The federalization of Buenos Aires was the process by which the city of Buenos Aires, until then capital of the Buenos Aires Province, was politically separated from the latter to put it under direct control of the national government as a federal territory. That had been a constant aspiration of the other provinces of Argentina since the formation of the republic. However, harsh political debates around the issue prevented the federalization until 1880, more than sixty years and a long civil war later.

== Argentine Constitution ==
The first successful Constitutional Convention, which took place in 1853, defined in Article 3 the status of Buenos Aires:

The Authorities that exercise the Federal Government reside in the City of Buenos Aires, which is declared capital of the Confederacy by a special law.

The terms Argentine Confederacy were used in those days to designate Argentina (the usage would evolve, and the term Argentine Republic is now used instead). The article could not be enforced, as Buenos Aires withdrew from the convention and formed a separate state. When the province rejoined the country in 1860, an amendment was made to the constitution, which subtly changed Article III:

The Authorities that exercise the Federal Government, reside in the city that is declared Capital of the Republic by a special law of Congress, previous cession made by one or more provincial legislatures from the territory to be federalized.

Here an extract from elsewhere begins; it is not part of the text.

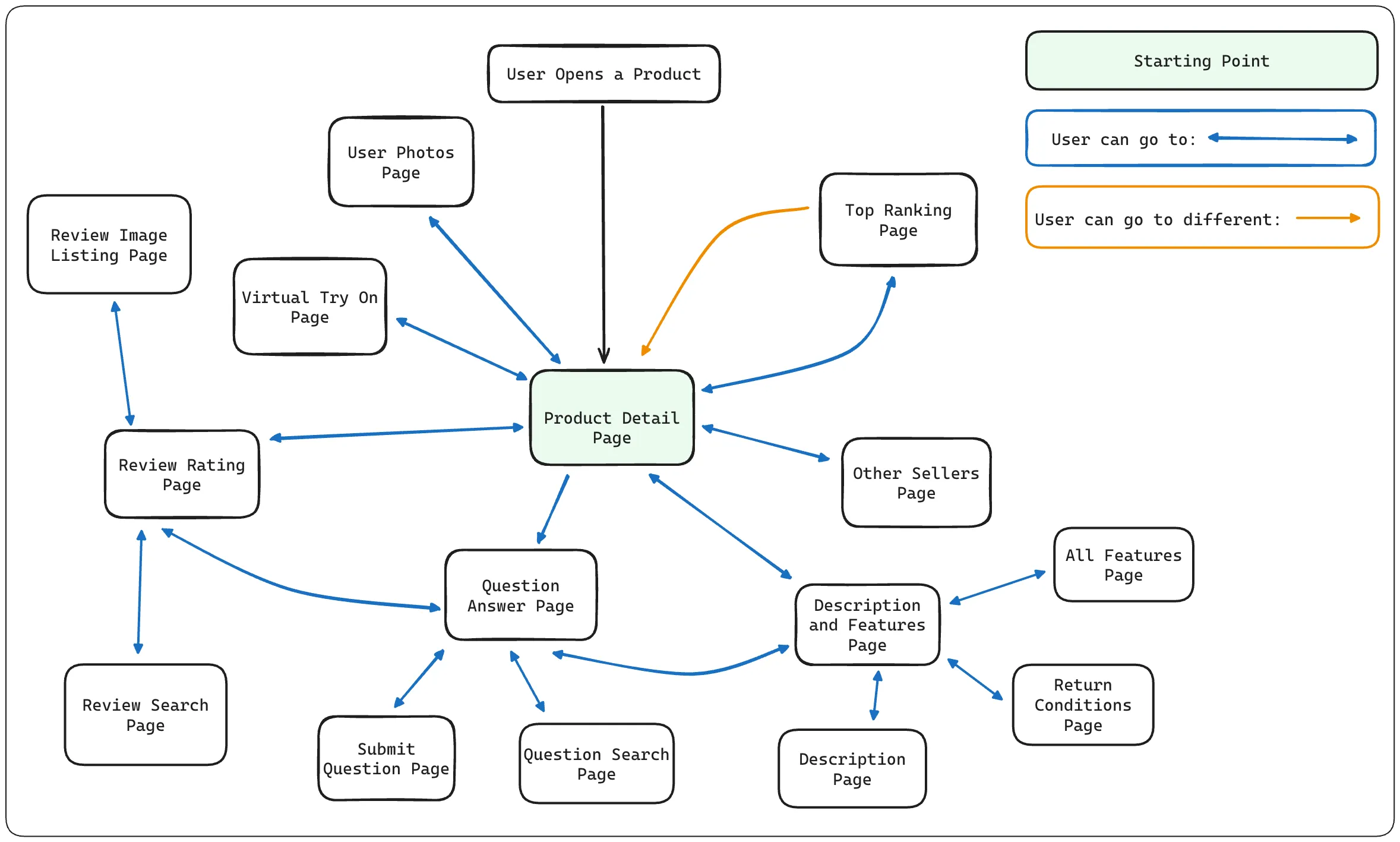 In its early stages, the Product Detail Page Screen contained several distinct components presenting relevant product information. Key components included a product image slider, seller and product info areas, sliders for user reviews and questions, displays of similar products, and a feedback collection area. Some components also featured horizontal sliders. To accommodate these elements, the screen was built using a NestedScrollView.

The change did not declare Buenos Aires as the national capital right away, and it left an open door for another city to be declared so. Although the city was made capital in the end, the change was satisfactory for the porteños as well as the rest of the country and so it remained.

== History ==
=== Buenos Aires and the provinces ===
The weight of a larger population and the economic and commercial importance of the city as the only deep water port of the country were decisive factors in the relationship between the federated provinces. That inequality was seen since the first years of the state, when after the May Revolution the Buenos Aires porteños were reluctant to accept the deputies of the interior in the First Junta, and became more severe during the long period of political instability of the First and Second triumvirates and the Directory. The attempts of 1819 and 1826 to dictate a Unitarian constitution to centralize in Buenos Aires the direct administrative power over the entire national territory pushed the situation, and the political measures taken by the provinces in the successive years, such as the Federal Pact, were oriented on avoiding such situations from taking place.

During the Assembly that dictated the first constitution in 1853, the egalitarian representation with two delegates for each province in the Constitutional Convention provoked the rejection of Buenos Aires, which claimed a representation proportional to the population and considered that its interests were highly threatened by a federal government.

Trying to attenuate the conflict, the constitutional delegates fixed the federal condition of Buenos Aires city not in the constitution itself but though a special law, which was sanctioned a few days after the signature of the constitution.

Buenos Aires ignoring the powers of the constitutional convention drove the province to revolt and to separate from the Argentine Confederation until 1860, when it reincorporated in exchange of several modifications of the original constitutional text and the suspension of the federalization.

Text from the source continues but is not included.